Как вдруг в селе открылась лавка Госспирта. Это имело неожиданные последствия для артели. Из всех евреев пил один только Иошка-Миллион. Выпив, он опьянел; опьянев, он еще выпил. Он нашел себе сердечных друзей среди местных пьяниц и без передышки стал пропивать артельные деньги. Одного он не успел пропить — своей феноменальной силы. Пьяный Иошка оказался буен. Он крушил все, что попадалось под руку, и никто не решался подойти к нему. Члены артели спрятались в известковых пещерах. Милиция боялась показаться ему на глаза. С непривычки геркулес положительно взбесился от водки и кидался с ножом на окружающих.
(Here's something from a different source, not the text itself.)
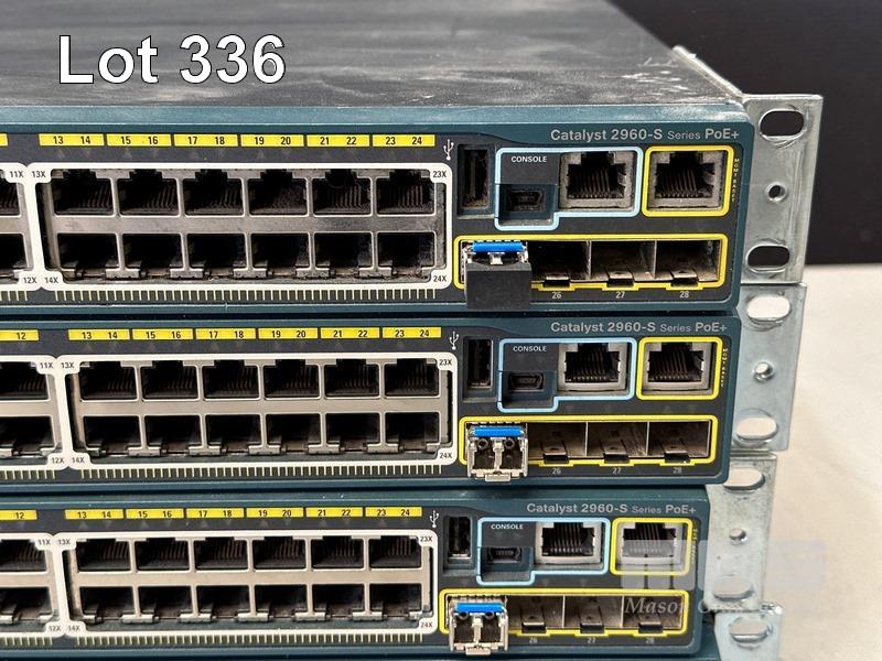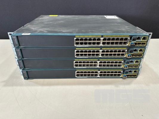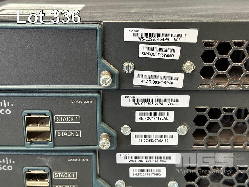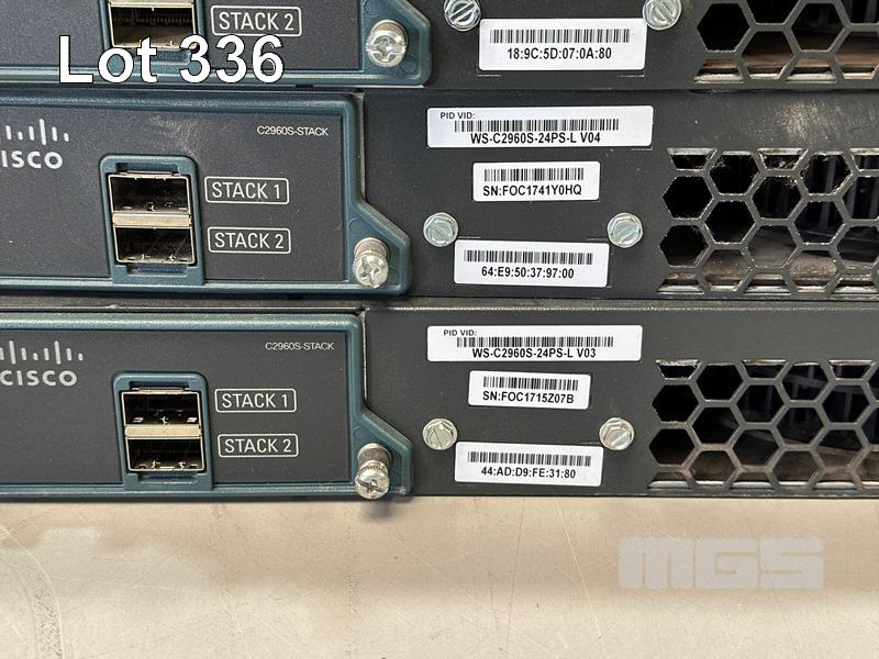 4 x CISCO CATALYST 2960-S SERIES PoE+ 24-PORT SWITCHES, MODEL WS-C2960S-24PS-L WITH STACKING CABLES S/N:FOC1715W06D, FOC1741Y0AD, FOC1741Y0HQ, FOC1715Z07B

И вот я слышал, как евреи-колонисты в Тихонькой многозначительно говорили по этому поводу:

— Н-наши еврейчики…

Это говорили убогие старые евреи, обремененные грыжами и нищетой; хилые, беспомощные люди, которые никогда не гнули подков и никогда не пили водки. Почему они считают Иошку-Миллиона своим и даже обобщают и говорят «наши» еврейчики? В какой мере он им «наш»? Разве они привыкли у себя, в голодающих местечках, часто видеть евреев-атлетов? Или им примелькался тип еврея-пьяницы, который безоглядно пропивает деньги и с ножом в руках наводит панику на окружающих? Думаю, что нет. А говорили они, между тем, с видом людей, которых похождения Иошки ничуть не удивляют. Они точно ничего иного и не ждали от «своих» евреев! С «их» евреями иначе и быть не могло!
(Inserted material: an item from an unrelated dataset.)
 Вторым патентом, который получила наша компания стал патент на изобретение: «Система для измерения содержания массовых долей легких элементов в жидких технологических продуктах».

Страх перед антисемитизмом все еще напряженно живет в еврее. Это он иногда заставляет евреев забегать вперед перед антисемитизмом и вкладывает в уста слова нелепых самоуничижений.

 

3. Взгляды Хаим-Мордки Пинтеля

Биробиджанский колонист Хаим-Мордко Пинтель, человек в брезентовом пальто и болотных сапогах, имеет свой взгляд на еврейский вопрос. Однажды, когда мы с ним тащились вторые сутки на телеге, прицепленной к трактору, и у меня с еще одним спутником зашел разговор на эту тему, гражданин Хаим-Мордко вставил свое замечание:

— А я вам говорю, что евреев уже нет.

Он сделал паузу.

— Вы не понимаете? Что такое еврей? Еврей— это, когда нет правожительства, когда городовой, когда погром, когда черта оседлости, когда то нельзя, а это не можно, когда так не позволено, а так запрещено… Во! Вот это еврей и вот это еврейский вопрос. А теперь, когда нет городового и нет погрома, и я имею такие права, как другой, так нет еврейского вопроса, и кончено, и чтобы вы таки знали…

Лейзер Фридман, еврей с кадыком и в пенснэ на сухом хрящеватом носу, ехавший с нами, был не согласен с этим взглядом.

— Ка-ак?! — воскликнул он. — В местечках сидит, может, миллион евреев, что они дохнут с голоду за кусок хлеба, так вы говорите, что нет еврейского вопроса?! Дай бог всем моим врагам такую большую болячку, какой большой еврейский вопрос еще есть после правожительства.

Гражданин Хаим-Мордко Пинтель вовразил:

— Это не еврейский вопрос, я вам говорю! Это вопрос за миллион бедняков, которые они бедняки, потому что они бывшие евреи. А возьмите дайте им работу, и уже кончено, и уже ша, и уже они опять не евреи.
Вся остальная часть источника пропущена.